Today is the beginning of a new phase in the Occupy movement, a protester told a group en route to Tuesday's action. Today we're shifting to reclaiming our public spaces, to reclaiming our homes from the corporations that have taken them from us.
There is a rich precedent for housing-related activism, including a group of squatters that occupied abandoned buildings on New York City's Lower East Side. But it has taken on new resonance against the backdrop of a financial crash spurred by predatory lending and unscrupulous mortgage securitization, as well as revelations of widespread fraud in foreclosure processing that has left many Americans homeless.
It's literally uncountable the number of organizations that are interested in engaging in this tactic, said Max Rameau, whose organization, Take Back the Land, places people in foreclosed and government owned homes. I think over next spring you're going to see this kind of movement happen all over the United States in mass numbers. If Take Back the Land created the model, the occupy movement has given it the energy and then numbers and the mass.
Occupy Wall Street Goal: Agitation and Consciousness Raising
The purpose is not to find permanent homes for the families who move into foreclosed properties, Rameau said. As with Carrasquillo's well attended homecoming, which also drew ample media coverage, the goal is to generate awareness and put pressure on the lenders foreclosing on houses and law enforcement tasked with evicting residents.
We're intentionally breaking the law in order to have this kind of confrontation, Rameau said.
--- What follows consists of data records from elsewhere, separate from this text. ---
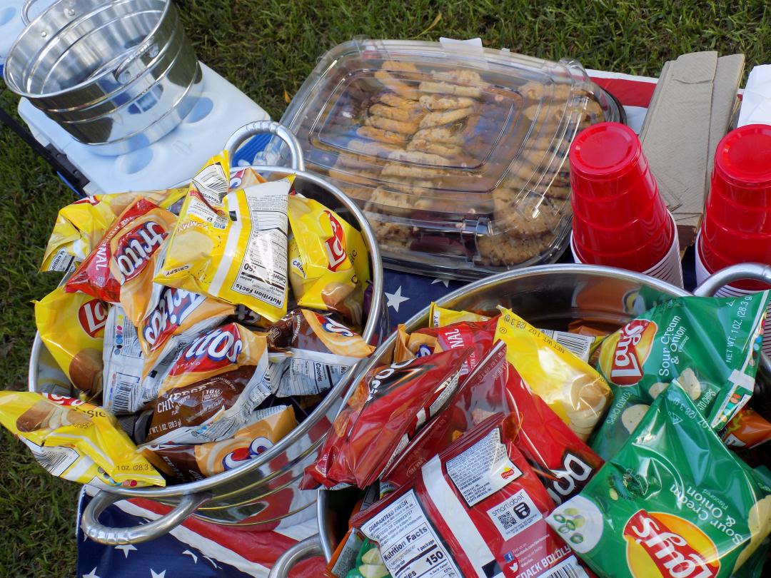 Chick-fil-A chicken sandwiches, Pizza Hut Pizza, salad, tea, water, chips, and cookies were served to the hungry neighbors.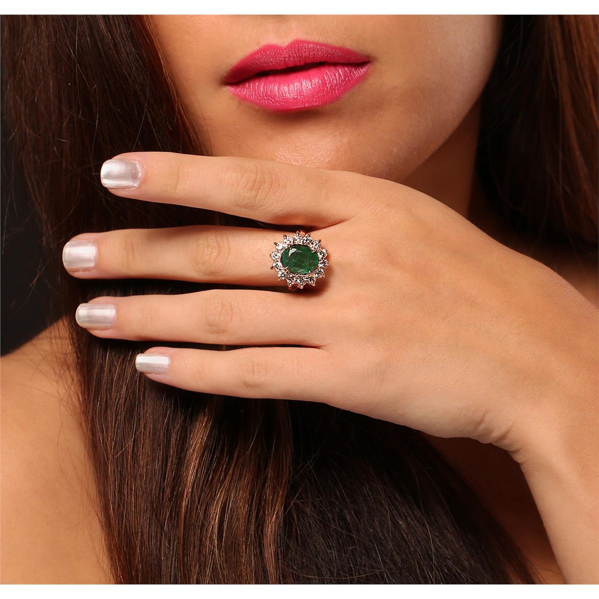 One electronically tested 14KT rose gold Ladies combination cast & assembled fancy ring with a high polish finish. Condition is new. Identified with markings of "14K". Containing: One prong set oval modified mixed cut natural emerald, measuring 10.70 x 8.20 x 4.82mm, approximate weight of 2.34ct., clarity is heavily included, type III, medium dark, very slightly grayish, very slightly bluish green color, (GIA vslbG 6/3), cut is good. Colored gemstones are presumed to have been subjected to commonly used and possible undetectable color/clarity enhancement processes. Fourteen prong set round brilliant cut diamonds, measuring 2.60 - 2.60 x 1.56mm (depth est.) approximate total weight of 14 Stones = 0.90ct. Clarity of SI-1 to SI-2, Color of K - L, Cut is Good. Total Weight of Colored Stones 2.34ct. Total Weight of Diamonds 0.90ct. Total Weight of Ring 7.30 grams. GGL Appraised at $8,650.00.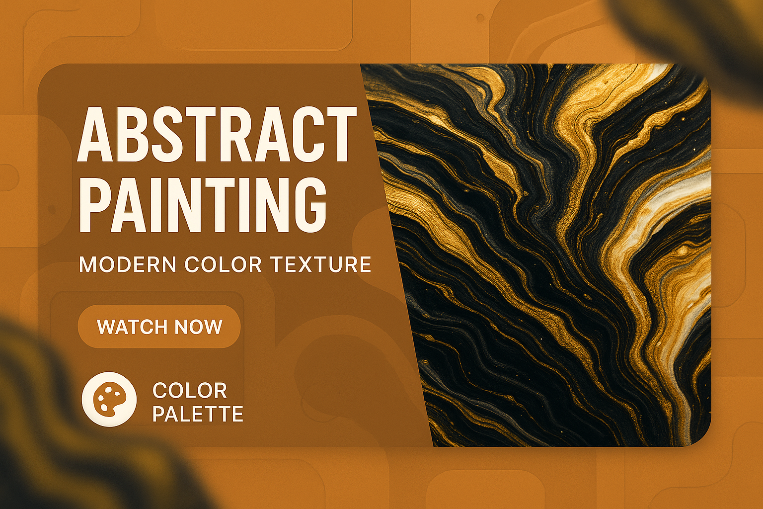 Vibrant abstract painting graphic featuring modern color textures in gold and black. Ideal for art promotion, social media, or design showcases.

We have to mobilize enough people and enough media in front of the house so that it gives the police pause and makes them think ok, is it really worth creating another empty house in this neighborhood full of empty houses?
Take Back the Land's Rochester offshoot has had great success with the tactic. When police attempted to evict a Rochester woman named Catherine Lennon they organized a nonviolent resistance, leading the police to deploy a SWAT team. Lennon returned to her house and was granted a hearing to examine her contention that her foreclosure had been improperly processed. Her hearing was indefinitely postponed after the attorney representing Bank of America, Steven J. Baum, shuttered his law firm amidst an investigation by the New York Attorney general into the types of practices Lennon was alleging.
This crisis is coming to a level of absurdity where they're not doing something as simple as the paperwork and yet they're taking peoples' homes, said Ryan Acuff, a member of Take Back the Land Rochester. Our feeling is a lot of injustice and fraud is going on, if we can shine a light on the individual stories and cases and practices of the banks then they're going to change those practices.
By rallying community support for people facing eviction, Acuff said the organization seeks to iluminate the idea of housing as a human right, not just a commodity that fluctuates with the market.
We want to do these on a scale where we pressure the banks and local governments to reprioritize this issue of homes for people so it's not just about profit or numbers on a spreadsheet, Acuff said. This is not just an issue of mortgages or technicalities of the law, this is a basic moral issue.